§ YOUR INSTRUCTIONS: Transcribe everything in the listing as written, and let no image into the copy.

§ INFORMATION PROVIDED:
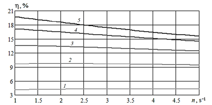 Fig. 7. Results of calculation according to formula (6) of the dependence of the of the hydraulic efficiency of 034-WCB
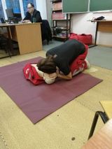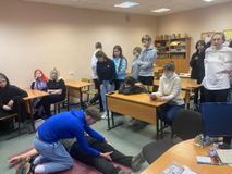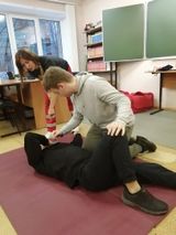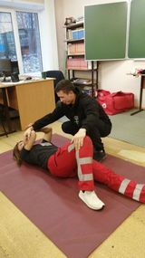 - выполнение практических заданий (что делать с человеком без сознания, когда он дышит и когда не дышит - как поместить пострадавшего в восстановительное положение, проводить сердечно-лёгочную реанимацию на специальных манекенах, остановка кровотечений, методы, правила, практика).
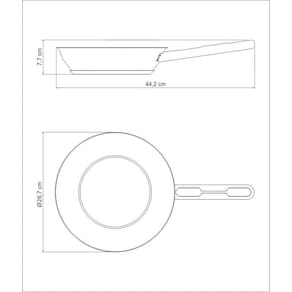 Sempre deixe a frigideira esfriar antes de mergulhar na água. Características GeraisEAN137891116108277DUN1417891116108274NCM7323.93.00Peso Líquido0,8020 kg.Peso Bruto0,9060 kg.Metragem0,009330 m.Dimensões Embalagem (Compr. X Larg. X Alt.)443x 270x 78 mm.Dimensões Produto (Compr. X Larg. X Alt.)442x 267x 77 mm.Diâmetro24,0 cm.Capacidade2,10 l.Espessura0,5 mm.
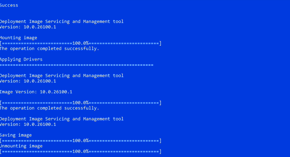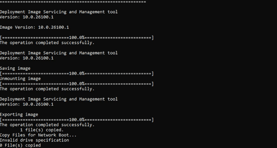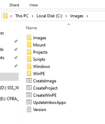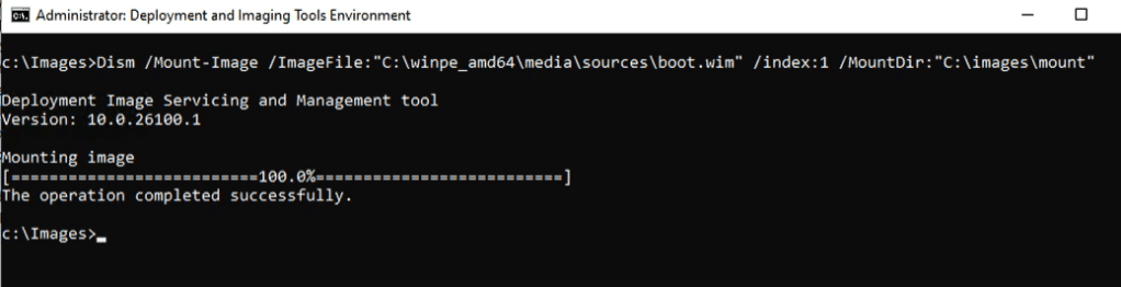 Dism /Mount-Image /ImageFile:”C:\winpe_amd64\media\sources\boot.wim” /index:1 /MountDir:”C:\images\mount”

§ ANSWER SECTION:
 Fig. 7. Results of calculation according to formula (6) of the dependence of the of the hydraulic efficiency of 034-WCB
 - выполнение практических заданий (что делать с человеком без сознания, когда он дышит и когда не дышит - как поместить пострадавшего в восстановительное положение, проводить сердечно-лёгочную реанимацию на специальных манекенах, остановка кровотечений, методы, правила, практика).
 Sempre deixe a frigideira esfriar antes de mergulhar na água. Características GeraisEAN137891116108277DUN1417891116108274NCM7323.93.00Peso Líquido0,8020 kg.Peso Bruto0,9060 kg.Metragem0,009330 m.Dimensões Embalagem (Compr. X Larg. X Alt.)443x 270x 78 mm.Dimensões Produto (Compr. X Larg. X Alt.)442x 267x 77 mm.Diâmetro24,0 cm.Capacidade2,10 l.Espessura0,5 mm.
 Dism /Mount-Image /ImageFile:”C:\winpe_amd64\media\sources\boot.wim” /index:1 /MountDir:”C:\images\mount”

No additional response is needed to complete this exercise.